## Excerpted records
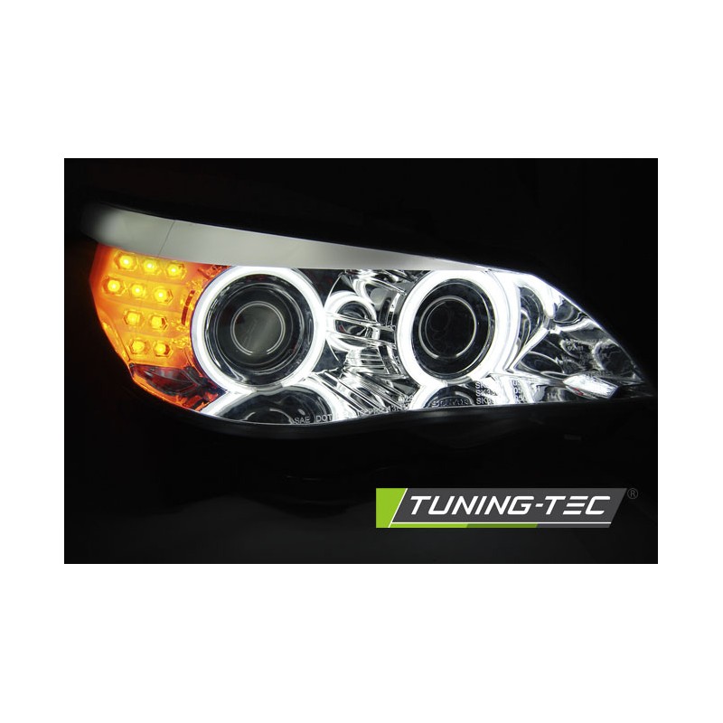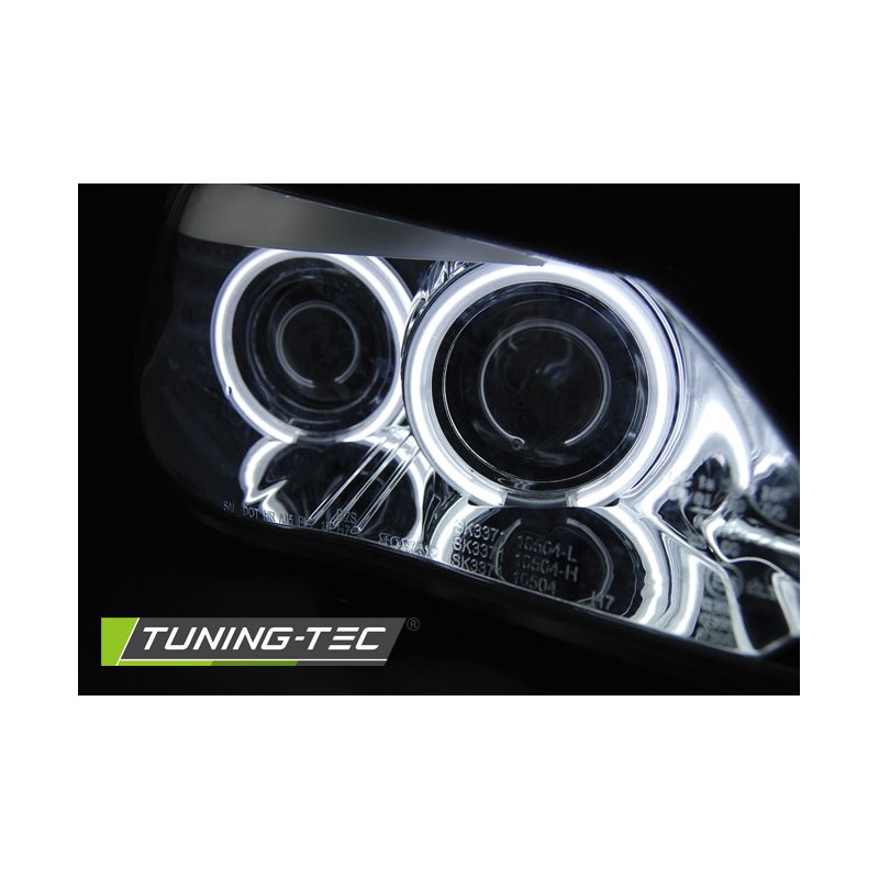 Découvrez les Phares Angel Eyes CCFL Chrome Indicateur LED spécialement conçus pour les modèles BMW E60/E61 de 2003 à 2007. Ces phares avant, dotés de jantes doubles halo CCFL, apportent une touche de modernité et d'élégance à votre véhicule tout en garantissant une visibilité optimale sur la route. 100% neufs et vendus par paire, ces phares sont homologués avec le marquage E6, vous assurant un usage légal sur route.
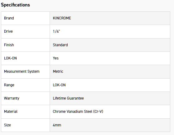 KINCROME K25040 LOKON SOCKET DEEP 1/4DR 4MM
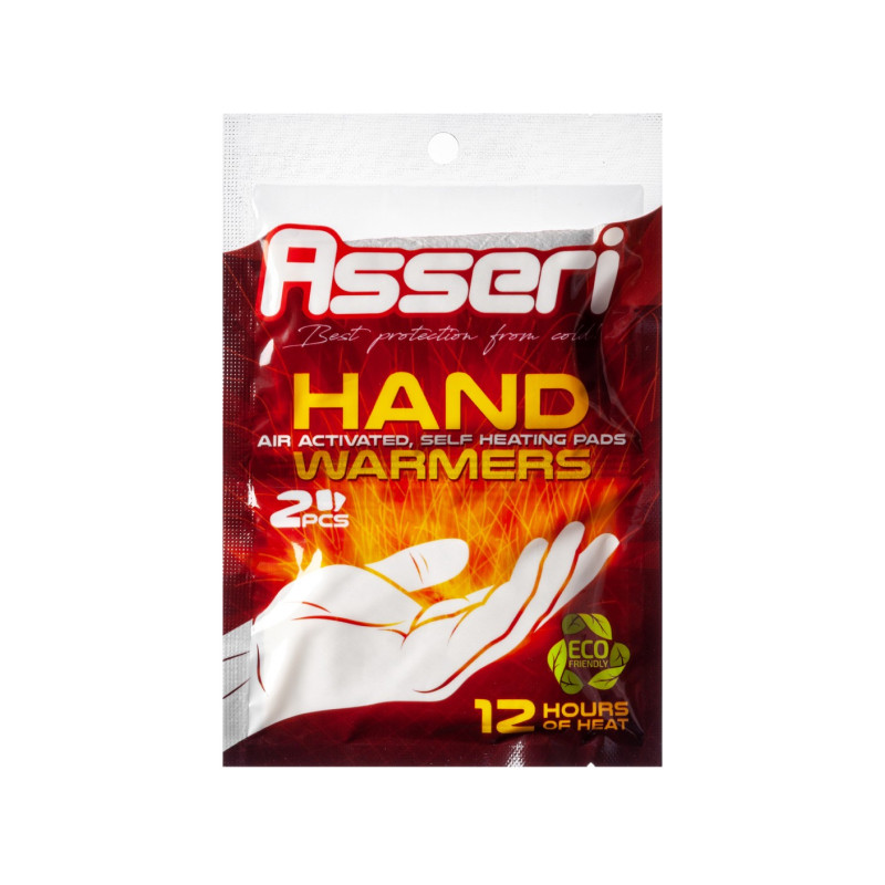 Sildošie spilventiņi rokām Asseri. Iepakojumā 2 gab., Tiek aktivizēti saskaroties ar gaisu. Uztur rokas siltas. Var izmantot slēpošanas vai slidošanas laikā, medībās vai makšķerējot, kā arī jebkurā citā gadījumā, aktīvi atpūšoties ārā pie temperatūras zem nulles grādiem.
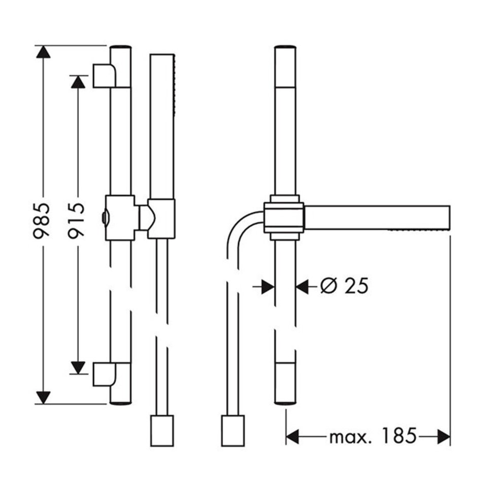 - Шланг с металлическим эффектом 1,60 м ½’x ½’ (28286000): с цилиндрической гайкой с обеих сторон; со стороны душа упорный подшипник, предотвращающий перекручивание душевого шланга;
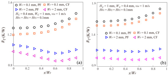 Based on the numerical analysis, Figure 3 gives the effects of offset on the thermal resistance of the staggered DLMCHS with different microchannel aspect ratios and different vertical rib thicknesses. From the results showing in Figure 3, it can be found there are three different variation trends of thermal resistance with the offset in the width direction both for the parallel flow (PF) and counter flow (CF). When the vertical rib thickness is small enough, for example Wr = 0.1 mm, the thermal resistance of the staggered DLMCHS shows an increasing trend with the increasing offset, which means the conventional DLMCHS with zero offset has the smallest thermal resistance and shows the best thermal performance. However, when the vertical rib thickness is large enough, for example Wr = 2 mm in the present work, the thermal resistance of the staggered DLMCHS decreases firstly and then increases as the offset increases, which means there is an optimal offset value for the staggered DLMCHS to achieve a minimum thermal resistance and improve the thermal performance. When the vertical rib thickness has an intermediate value, for example Wr = 0.5 mm, the thermal resistance of the staggered DLMCHS shows a much more complicated increasing trend in fluctuation. This means that shift between the upper microchannel and the lower microchannel in the width direction is a potential method to reduce thermal resistance and improve the thermal performance of the DLMCHS, especially for the DLMCHS with large vertical rib thickness.

## Exercise goal
Only the lines from the start of the records to the one containing "- Шланг с металлическим" should be repeated, exactly and with both ends kept; drop any pictures.

## Task response
 Découvrez les Phares Angel Eyes CCFL Chrome Indicateur LED spécialement conçus pour les modèles BMW E60/E61 de 2003 à 2007. Ces phares avant, dotés de jantes doubles halo CCFL, apportent une touche de modernité et d'élégance à votre véhicule tout en garantissant une visibilité optimale sur la route. 100% neufs et vendus par paire, ces phares sont homologués avec le marquage E6, vous assurant un usage légal sur route.
 KINCROME K25040 LOKON SOCKET DEEP 1/4DR 4MM
 Sildošie spilventiņi rokām Asseri. Iepakojumā 2 gab., Tiek aktivizēti saskaroties ar gaisu. Uztur rokas siltas. Var izmantot slēpošanas vai slidošanas laikā, medībās vai makšķerējot, kā arī jebkurā citā gadījumā, aktīvi atpūšoties ārā pie temperatūras zem nulles grādiem.
 - Шланг с металлическим эффектом 1,60 м ½’x ½’ (28286000): с цилиндрической гайкой с обеих сторон; со стороны душа упорный подшипник, предотвращающий перекручивание душевого шланга;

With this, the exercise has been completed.